§ **Exercise description**: Quote the whole listing word for word. Do not include the pictures.

§ **Supplied information**:
————

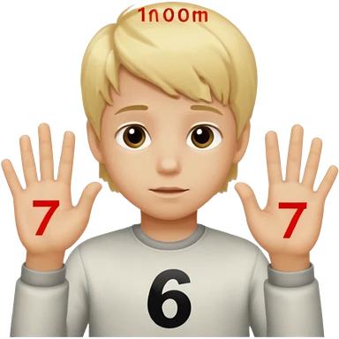 Blonde kid with numbers 6 and 7 on his hands emoji
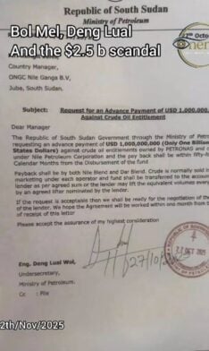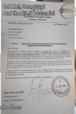 Le Soudan du Sud traverse l’une des crises politiques les plus graves de son histoire récente. Dans la nuit, Deng Lual Wol, figure centrale du ministère du Pétrole, a été placé en résidence surveillée. Les révélations sur la disparition de 700 millions de dollars de revenus pétroliers se doublent désormais de la découverte de deux lettres signées par Wol demandant 2,5 milliards de dollars d’avances secrètes sur le brut national. Une tentative de détournement impliquant Wol, Benjamin Bol Mel et un intermédiaire basé à Addis-Abeba aurait précipité cette purge sans précédent.
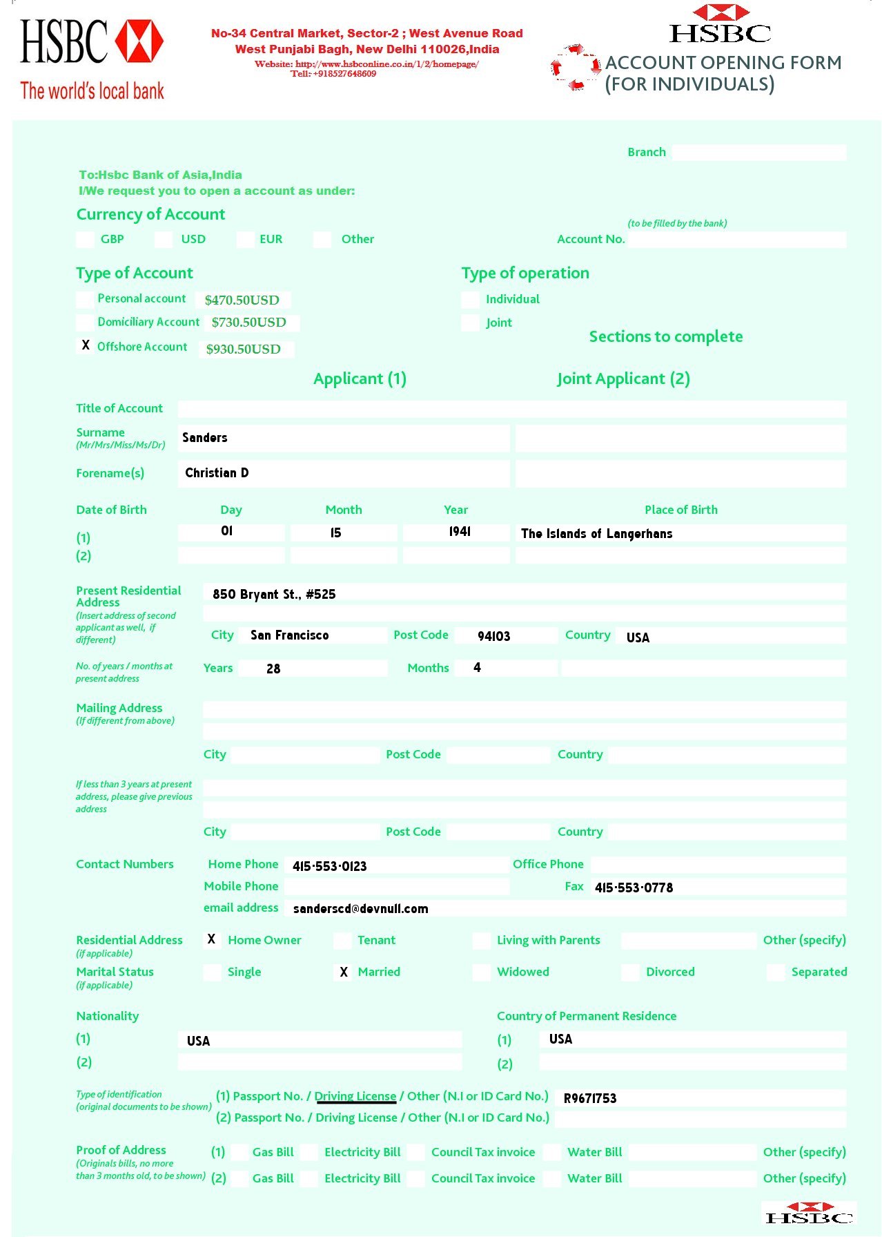 HSBC ACCOUNT OPENING FORM.

————

§ **Your response**:
 Blonde kid with numbers 6 and 7 on his hands emoji
 Le Soudan du Sud traverse l’une des crises politiques les plus graves de son histoire récente. Dans la nuit, Deng Lual Wol, figure centrale du ministère du Pétrole, a été placé en résidence surveillée. Les révélations sur la disparition de 700 millions de dollars de revenus pétroliers se doublent désormais de la découverte de deux lettres signées par Wol demandant 2,5 milliards de dollars d’avances secrètes sur le brut national. Une tentative de détournement impliquant Wol, Benjamin Bol Mel et un intermédiaire basé à Addis-Abeba aurait précipité cette purge sans précédent.
 HSBC ACCOUNT OPENING FORM.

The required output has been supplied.